The comparator system used in this study is the “EFAI” computer-assisted detection platform for BS, which holds a regulatory license from the TDFA (TFDA No. 007971). The system is designed to analyze whole-body Tc-99m MDP BS in DICOM 3.0 format, requiring paired anterior and posterior planar views with a resolution of 1024 × 256.

From a technical perspective, the platform employs a closed deep learning architecture that integrates two independent algorithms to compute inference results. It is indicated for use in adult cancer patients (aged ≥20 years) for the detection of suspected bone metastases. The system explicitly excludes cases of primary bone cancer, lymphoma, and hematopoietic malignancies, as well as images classified as “superscans” or those containing significant artifacts. The model outputs a binary classification (presence or absence of suspected metastasis) and a confidence score, and localizes lesions across nine anatomical regions (skull, spine, ribs/clavicles/scapulae, humeri, pelvis, and femora). According to the manufacturer's regulatory labeling, the system was validated on a dataset of 668 BS images, achieving a patient-level AUC of 0.978, an accuracy of 0.921, and a specificity of 0.893. For regional localization, it demonstrated an AUC of 0.912 and a sensitivity of 0.858.

Analytical framework

This study was conducted in two distinct phases. In Phase I, a binary classification analysis was performed to determine the presence or absence of bone metastases, establishing nuclear medicine physicians’ clinical interpretations as the reference standard. Model outputs from ChatGPT and the BS platform were classified as positive for bone metastasis when the estimated probability exceeded 50%. While this standard cutoff facilitates direct comparison, we acknowledge that the results are subject to potential threshold effects, where shifts in the decision boundary could alter the balance between sensitivity and specificity. Accordingly, diagnostic performance was systematically assessed by calculating accuracy, sensitivity, and specificity.

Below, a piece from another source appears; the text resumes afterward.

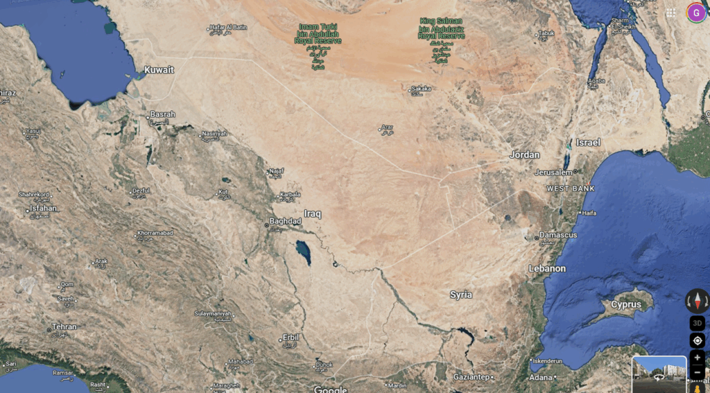 View map from north side to south side. Iran is at east side and Israel is at west side.

Phase II focused on lesion localization across predefined skeletal regions. The skeleton was segmented into nine anatomical zones: skull, cervical spine, thoracic spine/sternum, lumbar spine, sacrum, ribs/clavicles/scapulae, pelvis, femora, and humeri. Region-level annotation of metastases was manually performed by board-certified nuclear medicine physicians based on planar scintigraphy. The BS platform generated automated regional assessments, while ChatGPT's free-text outputs were retrospectively mapped to corresponding anatomical regions by experienced clinical evaluators. Region-wise classification performance was analyzed in terms of accuracy, PPV, and sensitivity to evaluate inter-method consistency.

Standardized prompting and image processing for LLM-based reporting

We retrospectively analyzed 52 whole-body planar BS examinations (Tc-99m MDP) collected from a single nuclear medicine department. All original DICOM images were converted to 8-bit grayscale JPEG files using a standardized preprocessing pipeline specifically applying available window settings and normalizing pixel values to a 0–255 range to ensure consistency in data format and dynamic range. Inclusion was strictly limited to readable cases with available physician reports as reference standards. To guide the LLM in generating structured nuclear medicine reports, we designed a set of standardized input prompts. Crucially, these prompts consisted solely of the de-identified images without any ancillary clinical data. Each prompt emphasized a two-part report structure (findings and impression) using standard nuclear medicine terminology, and a “Meta Ratio” (0%–100%) was utilized to guide the assertiveness of the wording according to a predefined tone policy. ChatGPT-4o was accessed via its official graphical user interface to simulate real-world end-user interactions; no APIs or automated scripts were used (the Supplemental Material).

The following prompt was used for image interpretation tasks:

Prompt for image analysis.

Interpret this bone scan.

Identify the affected skeletal regions.

Generate a structured report including only the findings and impression sections.

Use standard nuclear medicine terminology and apply the output tone rules defined in the project instructions.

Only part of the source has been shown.